Arturo Huerta González

La presidenta de la República en la reunión celebrada el 4 de febrero 2026 en el Museo Nacional de Antropología con empresarias (os) dijo que “quiere que haya inversiones, estamos buscando inversión privada, nacional y extranjera”. Ello refleja que el gobierno no tiene márgenes de política económica para impulsar la actividad económica, por lo que hace un llamado al sector privado nacional y extranjero para que invierta.

El sector privado ha dejado de invertir, pues la economía y la política económica predominante no ofrecen expectativas de crecimiento que lo motiven a incrementar la inversión.
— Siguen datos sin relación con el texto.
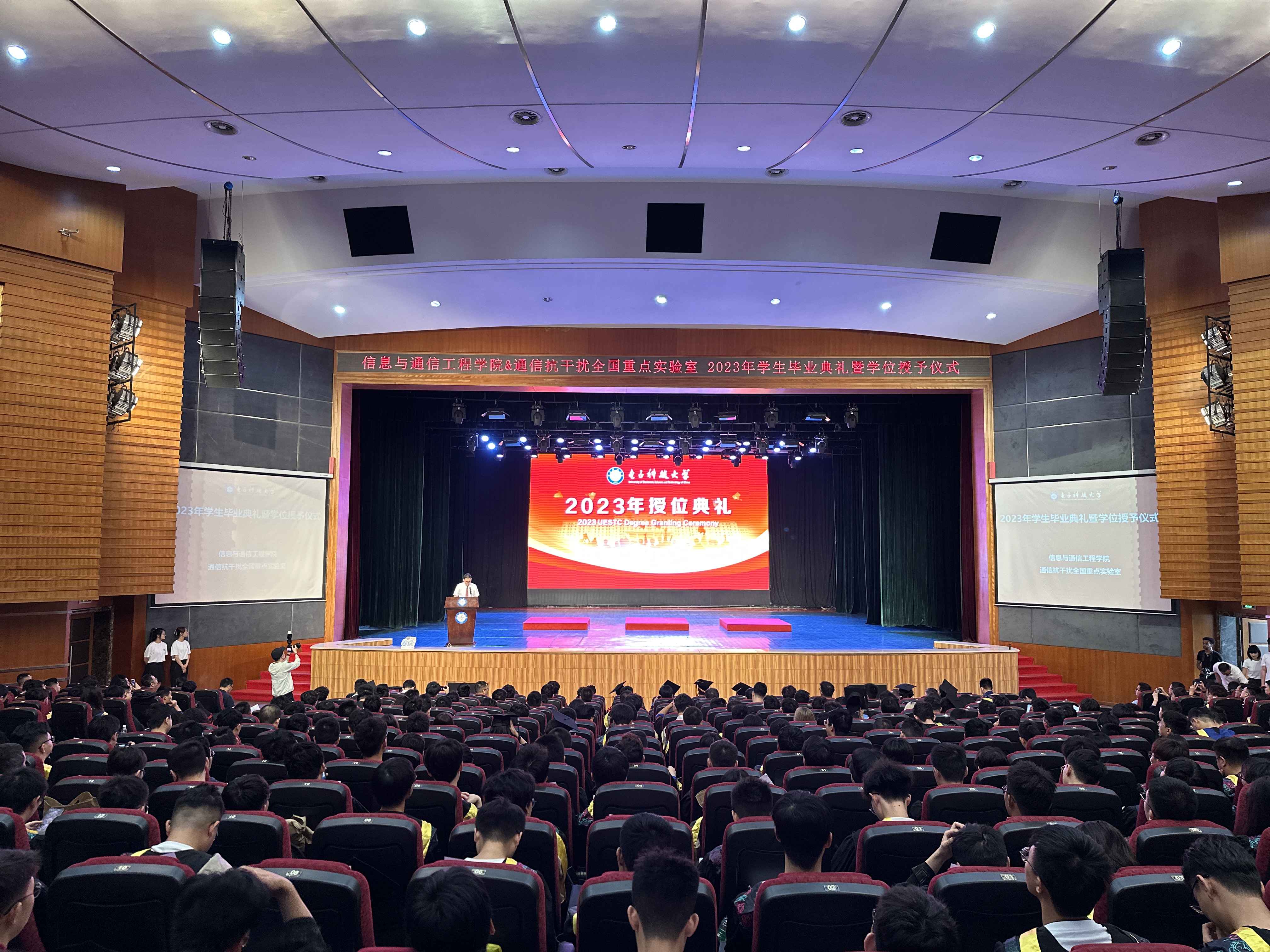 6月28日,william英国中文和通信抗干扰全国重点实验室2023年学生毕业典礼暨学位授予仪式在清水河校区成电会堂举行。副校长徐红兵、学院和重点实验室领导、学院学位评定分委员会委员、系主任、党支部书记、班主任代表、全体辅导员参加典礼。700余名本科生、硕士生、博士生迎来大学“最后一课”。典礼伊始,全体师生齐唱国歌,本次典礼在庄严的国歌中拉开帷幕。2022年度成电杰出学生、2023届本科毕业生钟翔宇作为学生代表发言...

El Inegi en su Indicador Global de Opinión Empresarial de Confianza (donde se mide la perspectiva de inversión de dicho sector), cae en el mes de enero de 2026, argumentando incertidumbre interna y externa, por lo que no se ve perspectiva para que se incremente la inversión privada para impulsar la actividad económica.

El 3 de febrero de 2026 el gobierno presentó el Plan de Inversión en Infraestructura para el Desarrollo donde se señaló que se incorporarán en este año a la inversión pública 722 mil millones de pesos (1.9 % del PIB) a los 900 mil millones de pesos (2.3 % del PIB) presentes en el presupuesto federal, encaminado ello a apuntalar el sector energético, infraestructura, trenes, carreteras, salud, puertos, agua y aeropuertos. El secretario de Hacienda dijo que ello permitirá crecer cerca del 3% en este 2026.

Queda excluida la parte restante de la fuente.